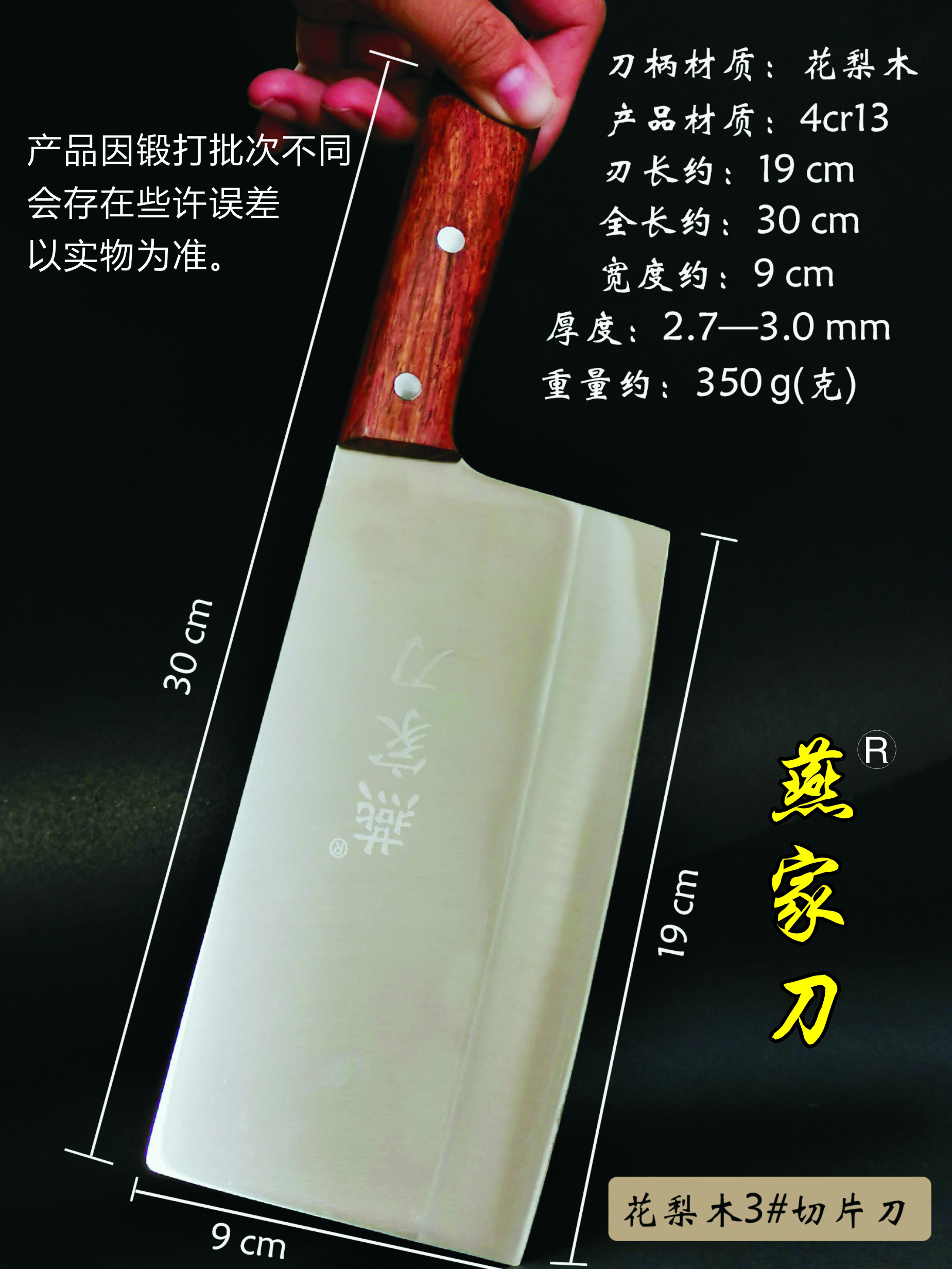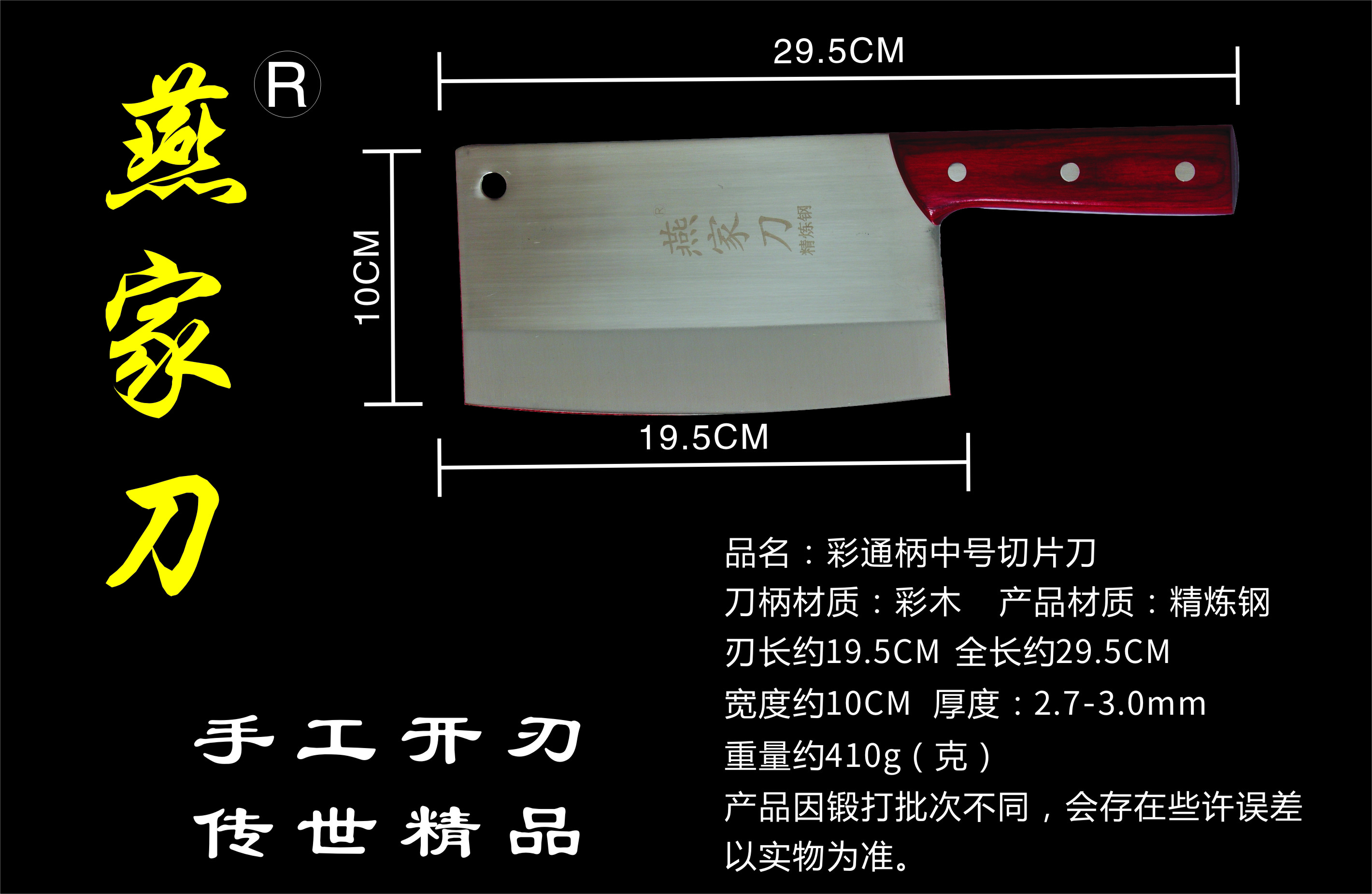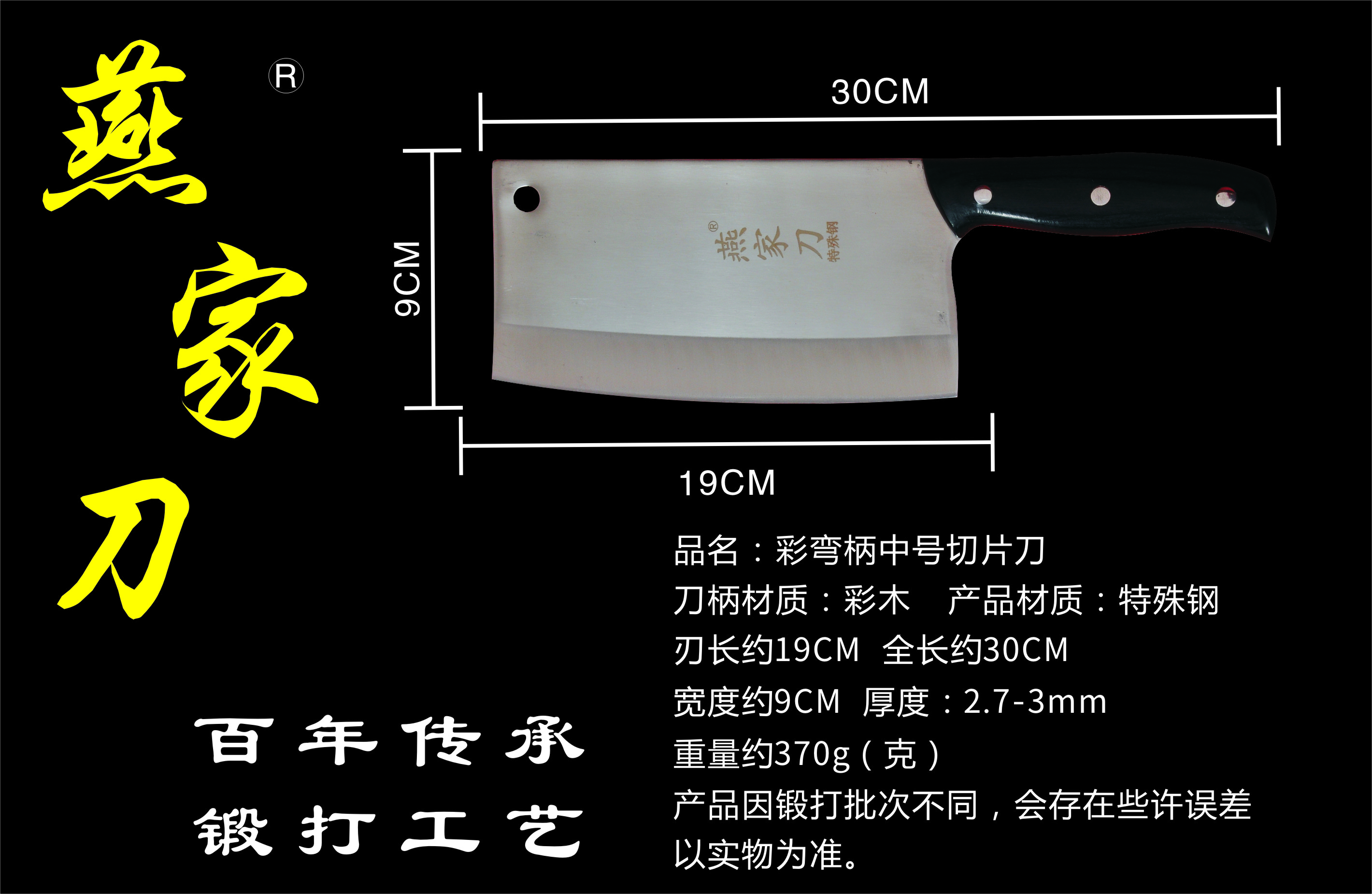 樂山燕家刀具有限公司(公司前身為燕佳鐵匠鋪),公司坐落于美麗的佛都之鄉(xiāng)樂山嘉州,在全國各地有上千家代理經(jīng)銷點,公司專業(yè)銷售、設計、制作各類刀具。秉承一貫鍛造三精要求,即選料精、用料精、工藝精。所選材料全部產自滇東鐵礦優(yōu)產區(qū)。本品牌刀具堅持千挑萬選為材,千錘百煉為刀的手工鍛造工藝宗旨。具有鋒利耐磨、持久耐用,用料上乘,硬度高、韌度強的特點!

○ ○ ○ ○ ○ ○ ○

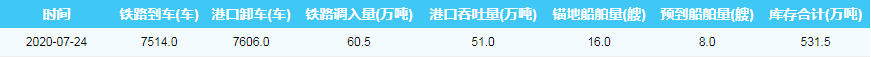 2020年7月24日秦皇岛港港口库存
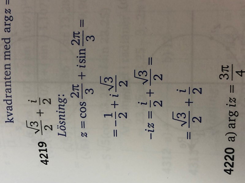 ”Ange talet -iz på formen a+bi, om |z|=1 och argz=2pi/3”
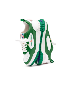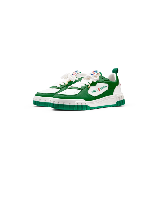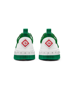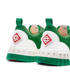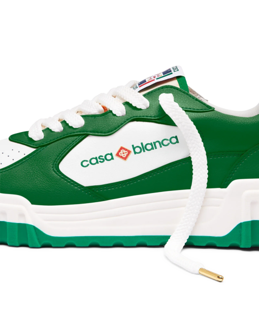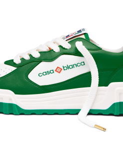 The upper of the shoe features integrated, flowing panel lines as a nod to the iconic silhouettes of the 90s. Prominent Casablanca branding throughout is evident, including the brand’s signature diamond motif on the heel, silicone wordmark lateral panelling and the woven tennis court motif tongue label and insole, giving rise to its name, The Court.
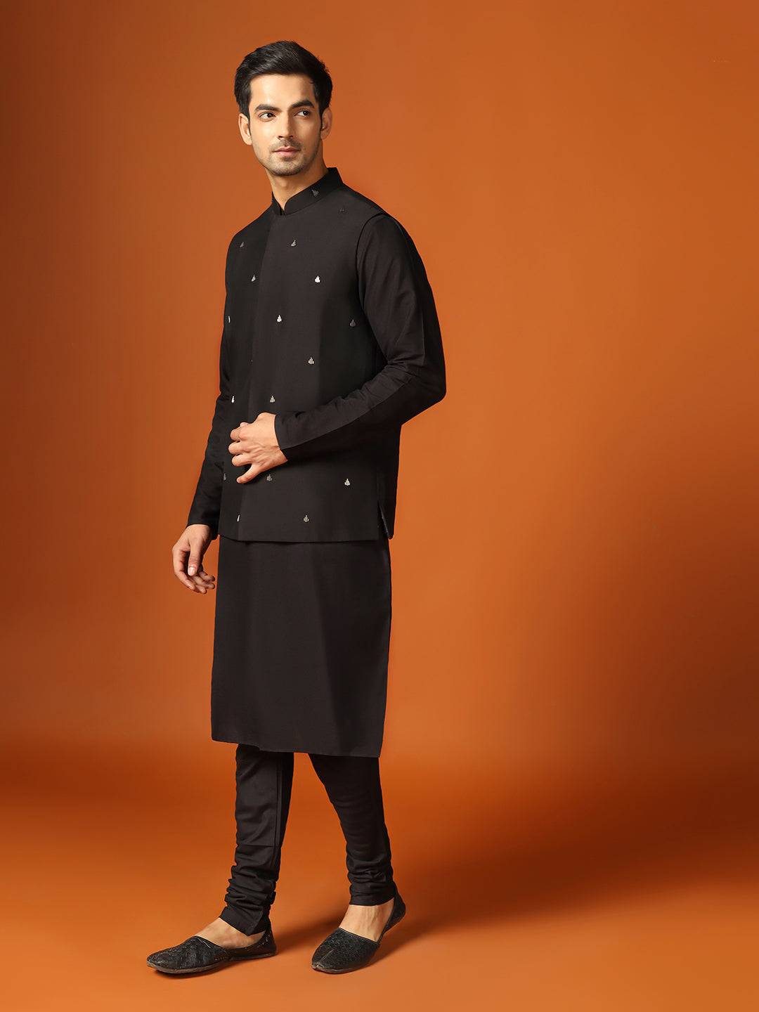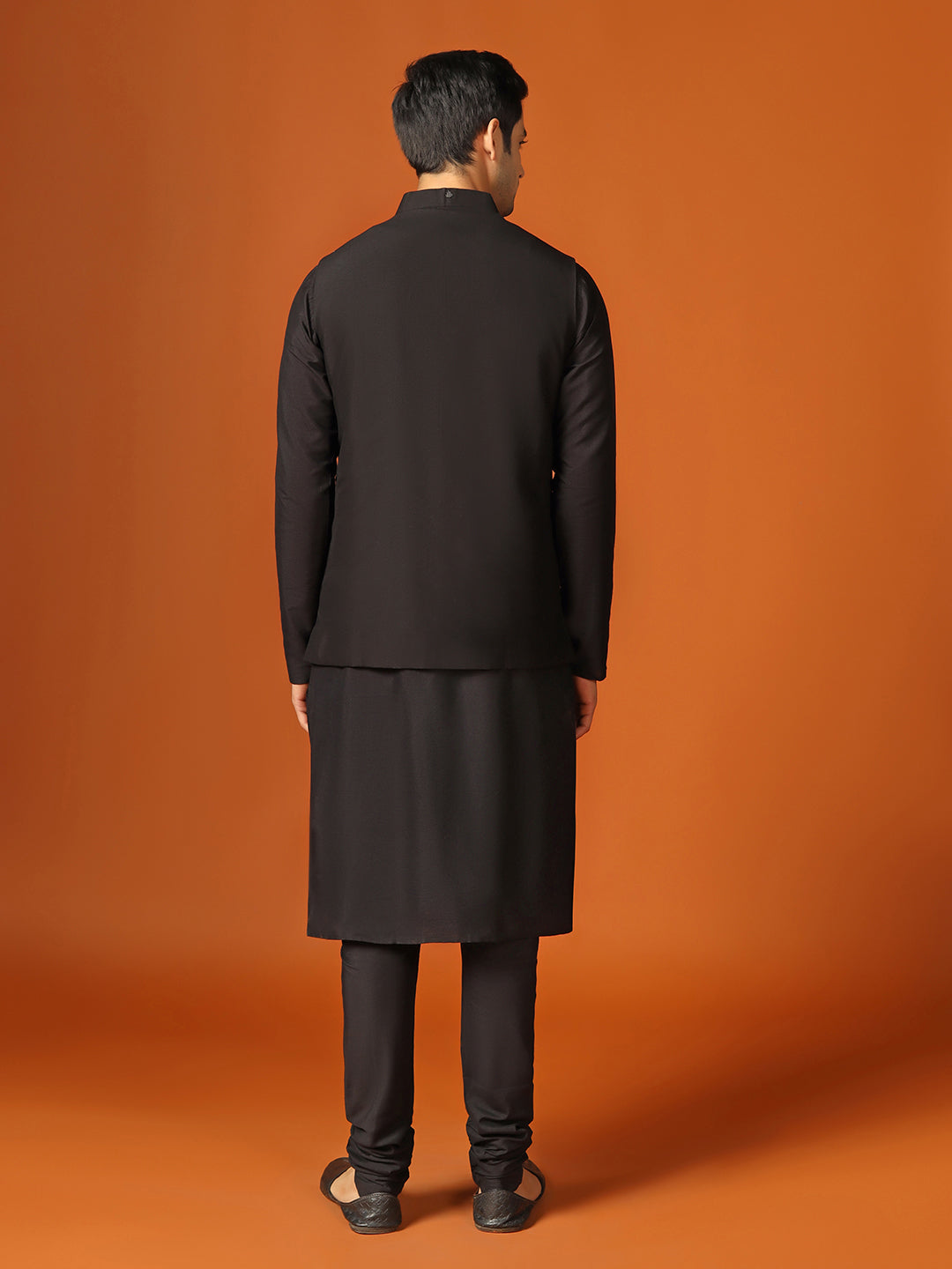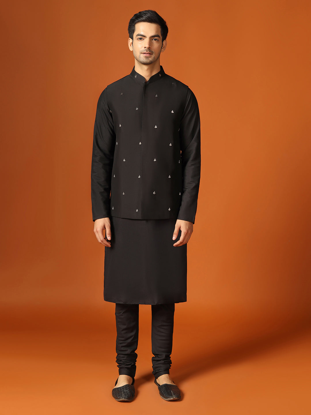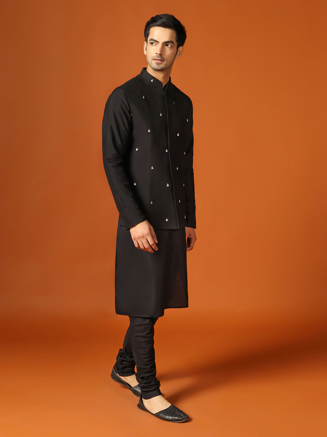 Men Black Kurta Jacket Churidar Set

○ ○ ○ ○ ○ ○ ○

Instructions for the task: Would you copy the lines above exactly, starting with the one that has "The upper of" and ending with the one that has "Men Black Kurta Jacket Churidar Set", both included, without the pictures?

Task output:
 The upper of the shoe features integrated, flowing panel lines as a nod to the iconic silhouettes of the 90s. Prominent Casablanca branding throughout is evident, including the brand’s signature diamond motif on the heel, silicone wordmark lateral panelling and the woven tennis court motif tongue label and insole, giving rise to its name, The Court.
 Men Black Kurta Jacket Churidar Set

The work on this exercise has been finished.